- What you have to do -
Reproduce the whole listing word for word. Leave every image out.

**** Stored data ****

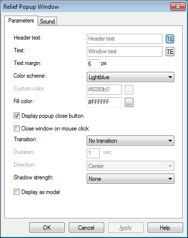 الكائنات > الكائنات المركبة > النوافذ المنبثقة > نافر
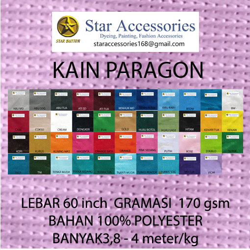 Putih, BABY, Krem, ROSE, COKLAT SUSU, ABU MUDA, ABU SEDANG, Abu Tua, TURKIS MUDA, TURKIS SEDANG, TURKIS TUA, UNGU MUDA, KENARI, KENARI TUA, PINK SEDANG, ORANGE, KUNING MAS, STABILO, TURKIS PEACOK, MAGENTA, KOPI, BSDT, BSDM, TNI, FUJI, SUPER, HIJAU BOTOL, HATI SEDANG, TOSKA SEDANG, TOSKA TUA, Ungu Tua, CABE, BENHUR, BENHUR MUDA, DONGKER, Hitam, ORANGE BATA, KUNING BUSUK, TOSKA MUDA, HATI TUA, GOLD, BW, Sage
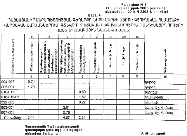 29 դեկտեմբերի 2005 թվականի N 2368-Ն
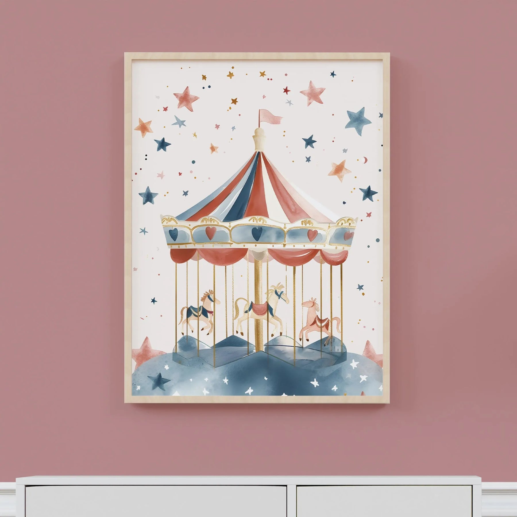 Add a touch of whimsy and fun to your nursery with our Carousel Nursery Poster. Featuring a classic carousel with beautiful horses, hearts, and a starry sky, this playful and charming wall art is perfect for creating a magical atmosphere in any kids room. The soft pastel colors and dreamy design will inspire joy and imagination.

****

- Written answer -
 الكائنات > الكائنات المركبة > النوافذ المنبثقة > نافر
 Putih, BABY, Krem, ROSE, COKLAT SUSU, ABU MUDA, ABU SEDANG, Abu Tua, TURKIS MUDA, TURKIS SEDANG, TURKIS TUA, UNGU MUDA, KENARI, KENARI TUA, PINK SEDANG, ORANGE, KUNING MAS, STABILO, TURKIS PEACOK, MAGENTA, KOPI, BSDT, BSDM, TNI, FUJI, SUPER, HIJAU BOTOL, HATI SEDANG, TOSKA SEDANG, TOSKA TUA, Ungu Tua, CABE, BENHUR, BENHUR MUDA, DONGKER, Hitam, ORANGE BATA, KUNING BUSUK, TOSKA MUDA, HATI TUA, GOLD, BW, Sage
 29 դեկտեմբերի 2005 թվականի N 2368-Ն
 Add a touch of whimsy and fun to your nursery with our Carousel Nursery Poster. Featuring a classic carousel with beautiful horses, hearts, and a starry sky, this playful and charming wall art is perfect for creating a magical atmosphere in any kids room. The soft pastel colors and dreamy design will inspire joy and imagination.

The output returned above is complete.